• _TO DO_
Begin at the line that has "This widget shows", stop after the line that has "JPUE参考专业:经济学部、法学部、文学部、教育学部、理工学部", and print exactly those lines from the records below, without any pictures.

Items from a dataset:
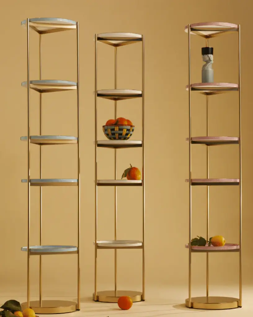 Experience the elegance of contemporary Italian furniture with the LaTour Cabinet from Ginori 1735. This self-standing shelving unit utilizes the "canello" technique, boasting skilled welds adorned with a semi-matte gold plating exclusive to Ginori 1735. Each shelf of the LaTour Cabinet is a masterpiece, crafted from hand-decorated porcelain featuring delicate gold thread accents. Detachable and versatile, these shelves can also serve as decorative trays, adding both functionality and sophistication to any space. Available in three stunning color options – white, pink, and light blue – the porcelain shelves define the LaTour's distinct aesthetic, blending seamlessly with any interior style. Exclusively offered at abc carpet & home, the Domus Collection by Ginori 1735 represents a fusion of creativity and innovation, celebrating the essence of Italian artisanal culture. With meticulous attention to detail and a commitment to excellence, each piece embodies the beauty and craftsmanship synonymous with the Ginori 1735 legacy. Standing at 13 inches in diameter and 68.5 inches in height, the LaTour Cabinet makes a bold statement in any room, luxuriously offering space for your storage needs. Crafted from premium porcelain and steel, it exudes durability and elegance, reflecting the dedicated quality of Italian craftsmanship. Experience the act of creation and artistic sensitivity of Italian artisanal culture with the LaTour Cabinet from Ginori 1735. The unique allure of this piece from the Domus collection will breathe new life into your home and transform every moment of the day into a ritual of our time.
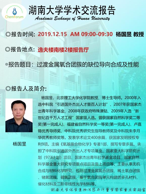下一条:2019年12月13日中国科学技术大学俞书宏院士学术报告会
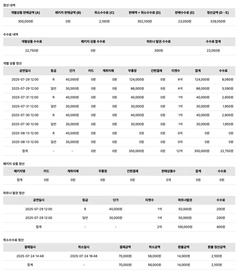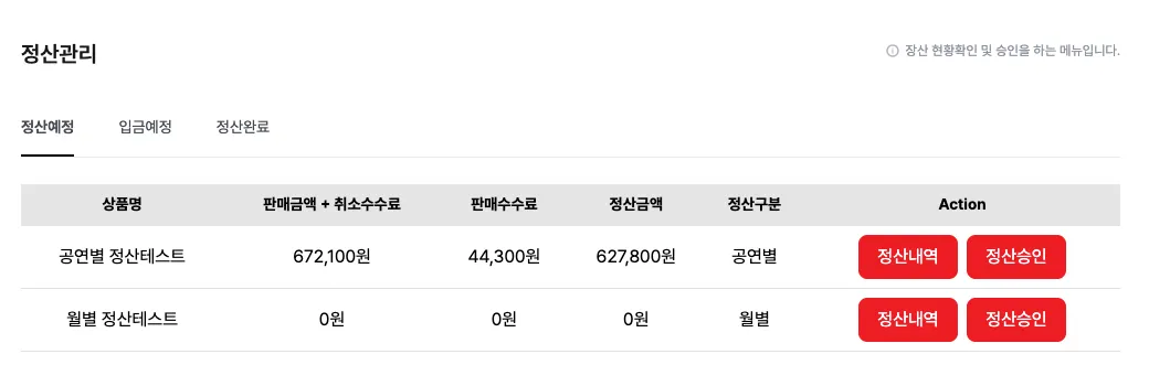 관리자가 정산 승인요청을 하면 공연별 정산현황을 확인 가능힙니다. ”정산내역 승인” 버튼을 클릭하면 입금예정 상태로 변경되며 승인 후 10 영업일 이내에 판매회원의 계좌로 정산금이 입금됩니다.
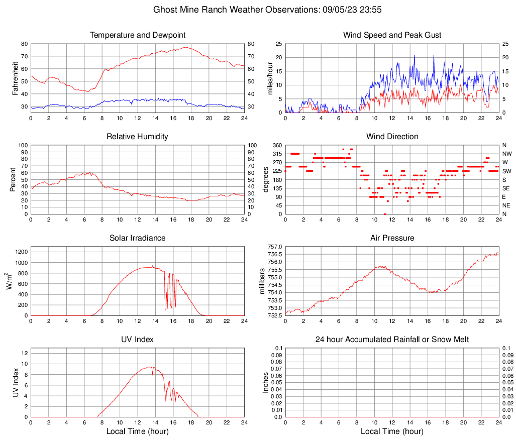 Temperature (F) 62.7 41.9 @ 06:15 77.1 @ 17:30 61.8
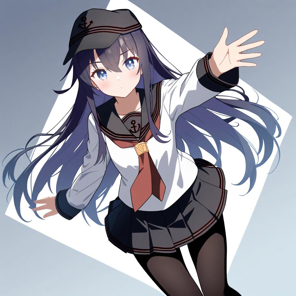 Akatsuki kai ni (kancolle), kantai collection, 1girl, purple eyes, hair between eyes, blue eyes, long hair, purple hair, black hair, serafuku, serafuku, flat cap, pleated skirt, black skirt, black pantyhose, long sleeves, anchor symbol, red neckerchief, by artist mishima kurone, animagine
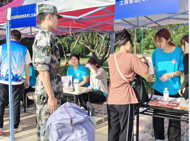 退伍不褪色,迎新我担当。退役大学生志愿者们将满腔的热情化为细心周到的服务,让新生们感受到了工商管理学院大家庭的温暖与力量,成为工商管理学院迎新队伍中一道靓丽的风景线。
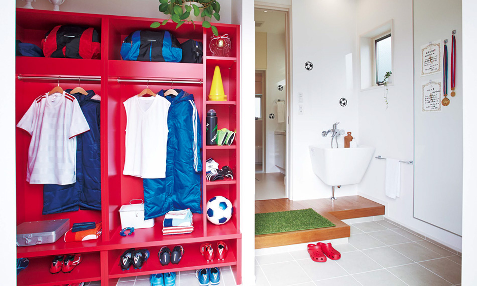 子どもがスポーツに打ち込んでいる、キャンプや釣りなどのアウトドアが趣味???というご家族は多いと思います。毎日をアクティブに楽しむ一方で、「用具の置き場がない」「泥で汚れた衣類を室內に持ち込みたくない」「洗い物が多くて大変」といったお悩みもお持ちなのではないでしょうか。
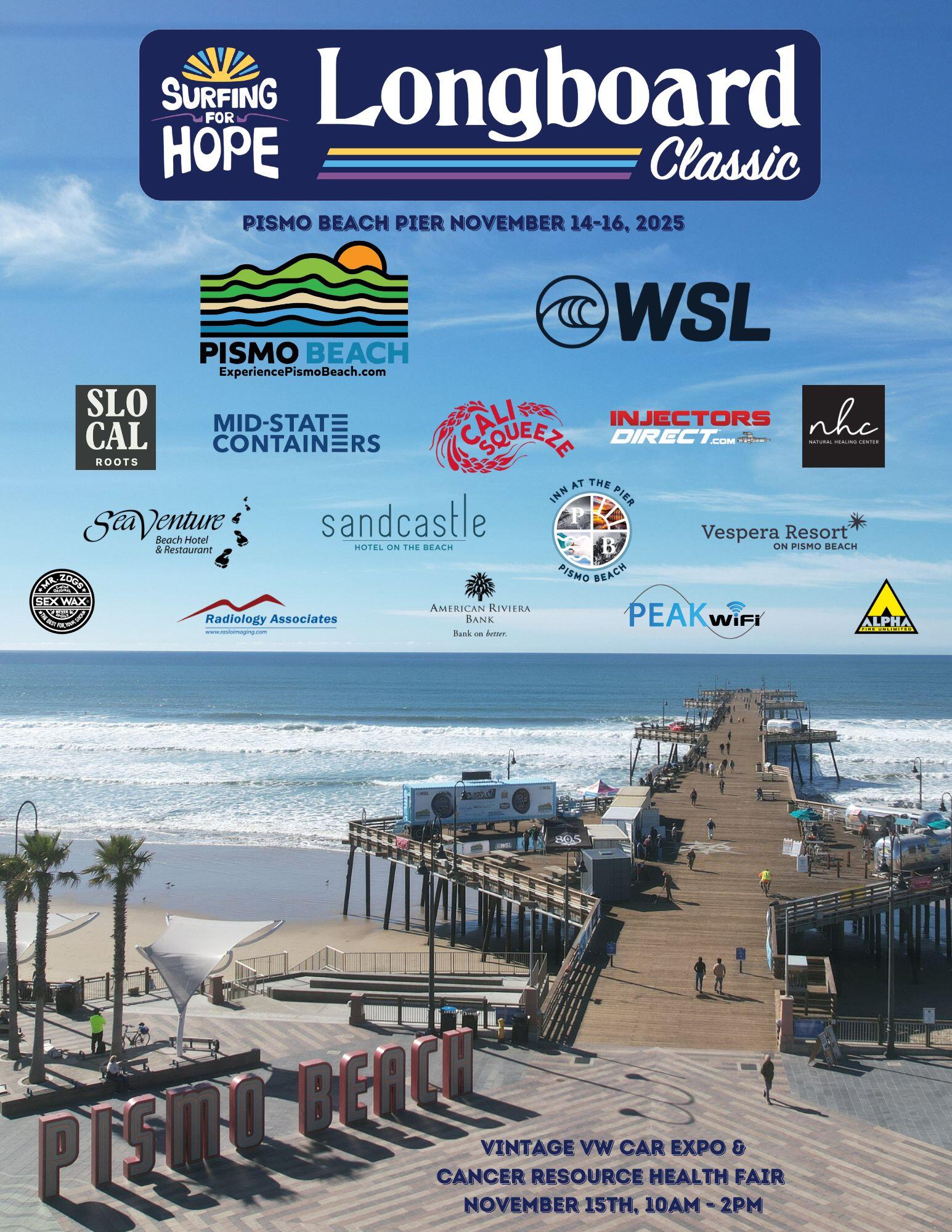 We are headed back to the Pismo Beach Pier for the 2025 Surfing For Hope Longboard Classic! Join us November 14, 15, and 16 as we welcome the World Surf League's best longboard surfers from the WSL North American Region.
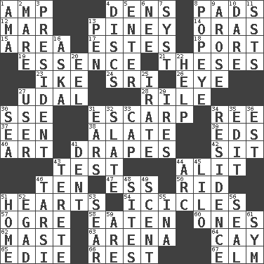 ACROSS 1. Electrical Unit 4. Cub Scout units 8. Groovy apts. 12. Third mo. 13. Abounding in pines 14. Mouths or openings 15. Length times width 17. _____ Park, CO 18. Sweet dark-red dessert wine 19. Core 21. College papers 23. Mamie's husband 24. _ Lanka 26. Sight organ 27. Allodial 28. Cause heat under the collar 30. Compass dir. 31. Fortification 34. To separate or throw off 37. Car or cant ending 38. Having winglike extensions 39. Begley and Asner 40. Tate display 41. Window treatments 42. Be seated 43. Trial 44. Set down 46. "___ Little Indians" 47. Curvy letter 50. To free from 51. Centers of feelings and intuitions 54. Winter's stalactites 57. Legendary monster 58. Consumed 60. Washington bills 62. Vertical spar for supporting sails 63. Sports stadium 64. Island 65. Singer Brickell 66. Respite 67. Shade tree DOWN 1. Nanny (var.) 2. Female horse 3. Elected leader of a country 4. Plates 5. Keyboard key 6. Born 7. System (abbr.) 8. Wimpy's pal 9. Came up 10. Have the gumption 11. Fast planes 13. Writing instrument 16. "____ silly question..." 20. Snakelike fish 22. Aid 25. Feeling or showing extreme anger 27. One who makes use of a thing 29. Angers 30. Ocean 31. Hearing organs 32. Schedule 33. Head covering 34. Home 35. Prepare for publication 36. Eastern Standard Time (abbr.) 41. Gouge 43. Cylindrical with tapered ends 44. Curve 45. _ and Stitch 46. Tarsus (plural) 48. Locates 49. Aroma 51. Dwelling 52. Mild oath 53. Dry up 55. _ tizzy (2 wds.) 56. Lick closed 59. "We ___ not amused" (Victoria) 61. Symbol (abbr.)
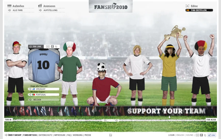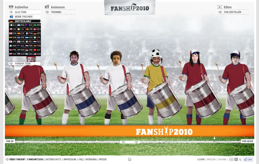 Fanship2010 ist ein internationales Onlineprojekt des Berliner Kreativnetzwerks infarbe zur diesjährigen Fußball Weltmeisterschaft.
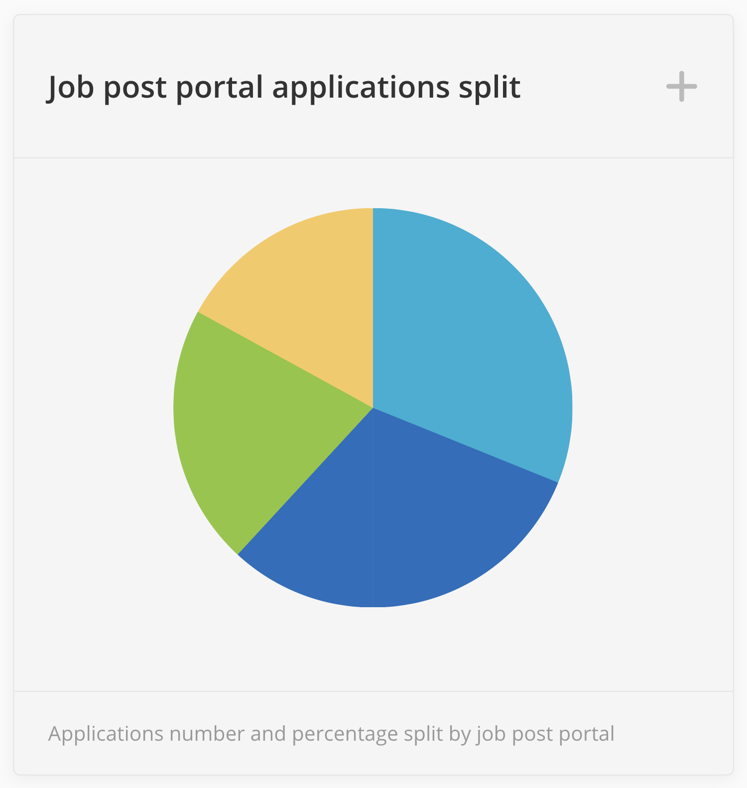 This widget shows how many applications were received according to the portal. While creating a Job post, users can add some External job portals. It means that this Job post will be available on third parties, and candidates will be able to send applications from these portals.
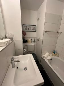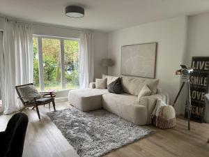Questo appartamento con terrazza e vista sul giardino presenta 1 camera da letto, un soggiorno, una TV a schermo piatto, una cucina con frigorifero e lavastoviglie e 1 bagno con vasca da bagno. Presso Ruhige Stadtperle mit Garten la dotazione include lenzuola e asciugamani.
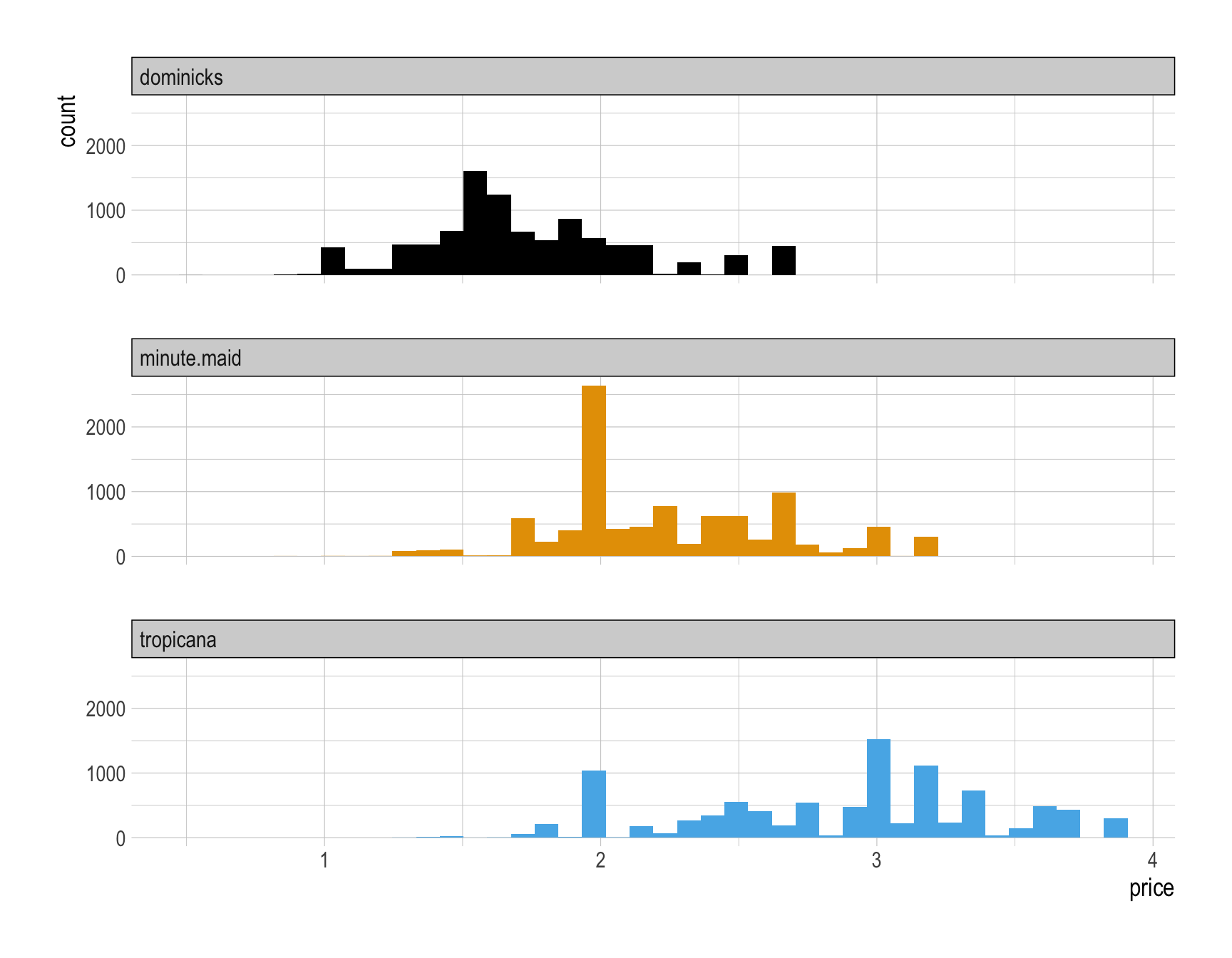 Overall, Dominick’s is the budget option, Tropicana is the luxury option, and Minute Maid lives between.
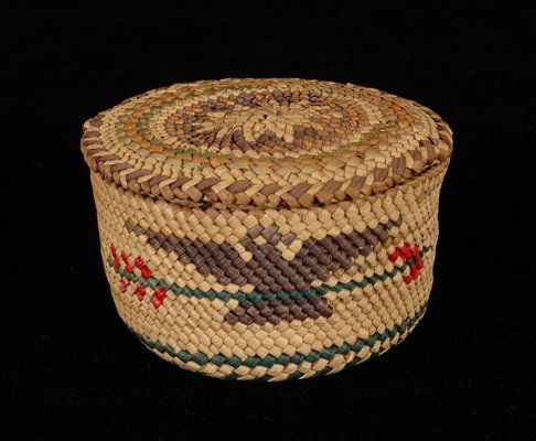 Nuu-chah-nulth Lidded Basket with Eagle and Arrow
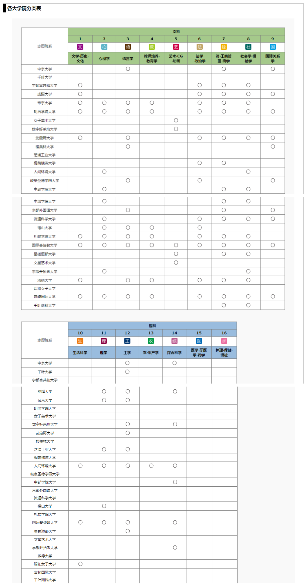 JPUE参考专业:经济学部、法学部、文学部、教育学部、理工学部
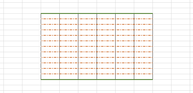 Below is a grid of cells from a workbook with different border colours and styles applied. Note that the gridlines are dotted.

• _COMPLETED EXERCISE_
 This widget shows how many applications were received according to the portal. While creating a Job post, users can add some External job portals. It means that this Job post will be available on third parties, and candidates will be able to send applications from these portals.
Questo appartamento con terrazza e vista sul giardino presenta 1 camera da letto, un soggiorno, una TV a schermo piatto, una cucina con frigorifero e lavastoviglie e 1 bagno con vasca da bagno. Presso Ruhige Stadtperle mit Garten la dotazione include lenzuola e asciugamani.
 Overall, Dominick’s is the budget option, Tropicana is the luxury option, and Minute Maid lives between.
 Nuu-chah-nulth Lidded Basket with Eagle and Arrow
 JPUE参考专业:经济学部、法学部、文学部、教育学部、理工学部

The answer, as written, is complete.